Russia in the debt spiral?: Putin’s war costs are apparently significantly exceeding Moscow’s budget plans

Russia is obvious increasingly dependent on taking on domestic debtto finance and maintain ruler Vladimir Putin’s war against Ukraine. This was reported by the US media “Bloomberg” in an analysis published on Thursday.

As a result of Western sanctions, Russia is now largely cut off from foreign financial sources. In order to be able to continue financing the war against Ukraine, Moscow has already done so in the past several measures implemented.

At the beginning of this year Putin had VAT increased to 22 percent. As a result, many Russians complained about “skyrocketing food prices” and expressed their displeasure about it on social media.

In addition, Russia’s Finance Minister Anton Siluanov announced in September last year that an increase in new debt would have to be accepted in order to cover the increasing budget deficit. At the time, he explicitly did not rule out the possibility that the Kremlin’s austerity measures could impact the lives of many Russians: “We will have less money for our priorities.”
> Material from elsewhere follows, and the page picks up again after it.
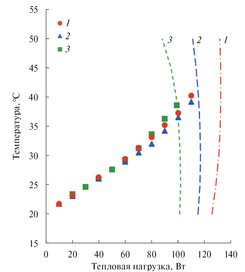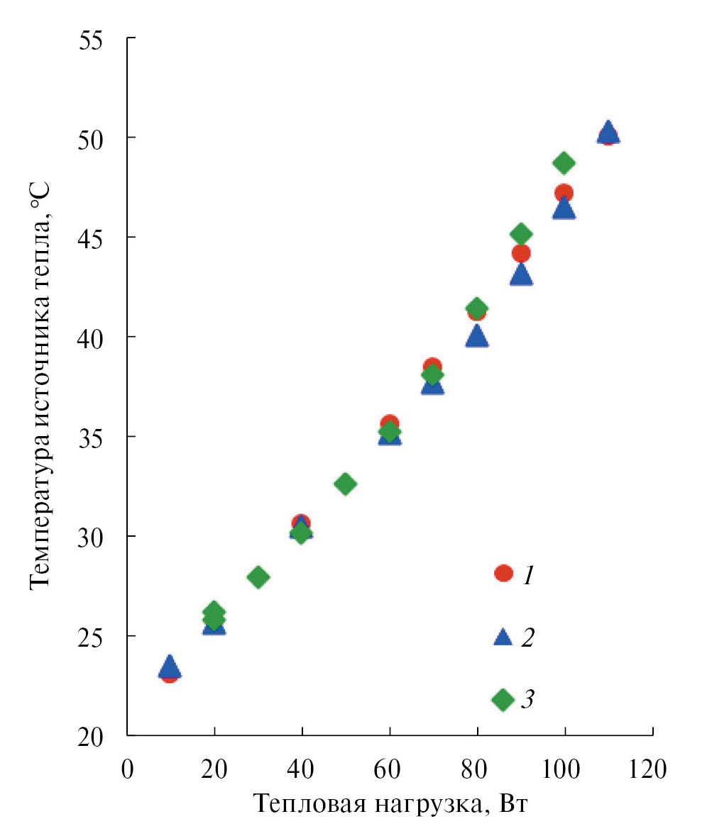 На рис. 6, в частности, показана зависимость температуры источника тепла, который в данном случае моделирует реальный охлаждаемый объект, от величины тепловой нагрузки при различных положениях КТТ. Температура источника тепла слабо зависит от изменения ориентации устройства в гравитационном поле, что, как отмечалось выше, является одним из основных преимуществ контурных тепловых труб. При номинальной тепловой нагрузке 100 Вт температура источника тепла изменяется в пределах 46.5–48.7°С.

Russia’s economic deficit continues to grow

Economic experts are now predicting as part of the “Bloomberg” analysis that Russia’s defense spending in 2026 could exceed the original budget plans by four to five trillion rubles (the equivalent of around 44 to 55 billion euros). According to analysts, this is almost 40 percent more than originally planned.

At the same time, according to experts, the budget deficit already reached 6 trillion rubles (around 66 billion euros) in the first five months of the year, around 60 percent above the target value for the year as a whole.

Due to high interest rates and the increasing need for financing for the war the costs of so-called debt service continue to risepredict the experts. Debt service means the sum of all payments that a debtor has to make and includes both interest and repayment.

Moscow has currently budgeted almost four trillion rubles (44 billion euros) for the current year to make interest payments and service its national debt. This corresponds to around nine percent of the federal budget and covers debt service the Russian state’s fifth largest expenditure item.

“Bloomberg” also calculates that Moscow will probably do so in the next ten years Interest payments amount to around 15 percent of its gross domestic product would have to do. The amount corresponds roughly to the current size of the entire Russian national debt.